Introductory Macroeconomics for Policy Analysis

29, 31 October and 4,  8 November, 2019 9:00am – 12:15pm

St Andrews, The Terrace, Wellington

Cost: $500+GST

COURSE OUTLINE

Brief Description

Every day there is something related to macroeconomics in the news. Examples include

  • The NZ Dollar fell against all major currencies overnight
  • The Governor of the Reserve Bank announced higher capital requirements for commercial banks
  • The commercial banks are expected to pass on the recent cut in the OCR
  • The government has announced a revised target for the ratio of debt to GDP
  • There was a further slowdown in productivity in the third quarter.
  • Long term bond rates are now below the 90 day bill rate
  • Inflation remains outside the target band agreed to by the RBNZ
  • The government still expects a budget surplus in the current financial year.

It is not always easy to make sense of all this and sift out what matters from the noise. And to figure out what is related to what, and where there are causal links.

The objective of this short course is to provide participants with a basic appreciation of the principal concepts of macroeconomics with emphasis on their application to public policy analysis.  To do this the course will help participants to understand:

  • the nature of economic aggregates by providing a primer on basic concepts that underpin the macroeconomy;
  • the role of government in (a) providing the statutory framework (eg the Public Finance Act 1989, the Reserve Bank of New Zealand Act 1989) and (b) shaping the decisions of individuals and firms throught its role in savings, investments, tax and welfare and foreign exchange; and
  • the micro foundations of macroeconomics by appreciating that all outcomes in the macroeconomy are the results of decisions taken by households and firms.

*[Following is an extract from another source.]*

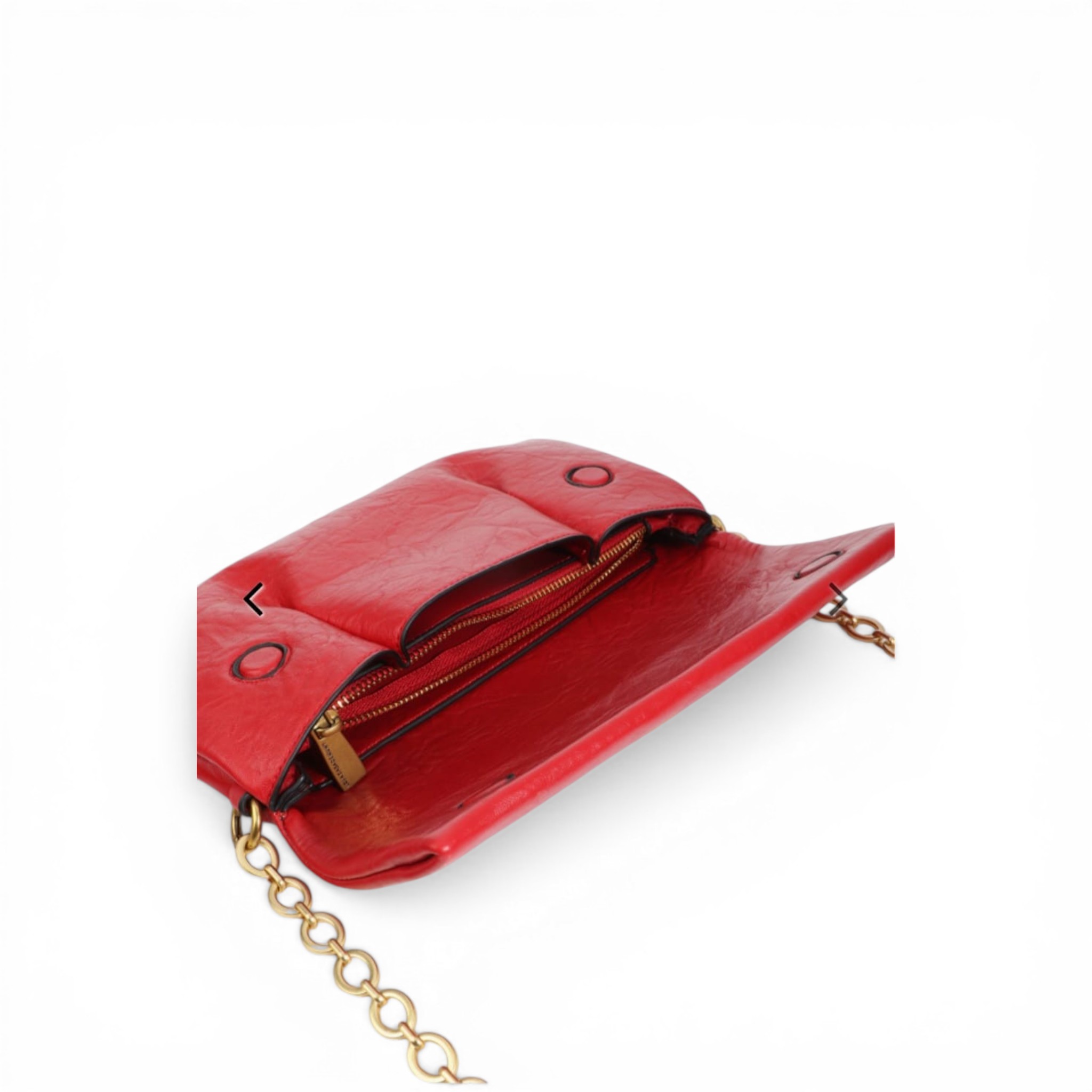 Bandolera con solapa de pliegues en color rojo de la marca Lola Casademunt. Cadena dorada desmontable para un estilo versátil. Logotipo frontal dorado y cierre magnético. Medidas: alto 16 cm, ancho 26,5 cm y profundidad 3 cm.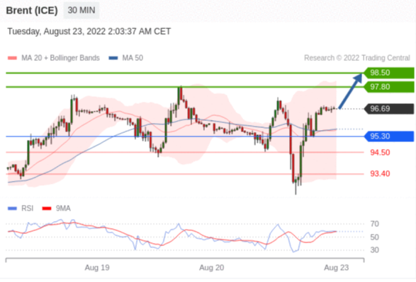 交易策略: 在 95.30 之上,看涨,目标价位为 97.80 ,然后为 98.50 。

On completion of this course participants will:

  • have an understanding of key macroeconomic terms and concepts;
  • be able to relate these to current policy debates; and
  • appreciate how macroeconomic outcomes reflect the microeconomic decisions of firms and households and the role of government in shaping those decisions through policies related to stabilisation, taxes, welfare, trade, savings and investment.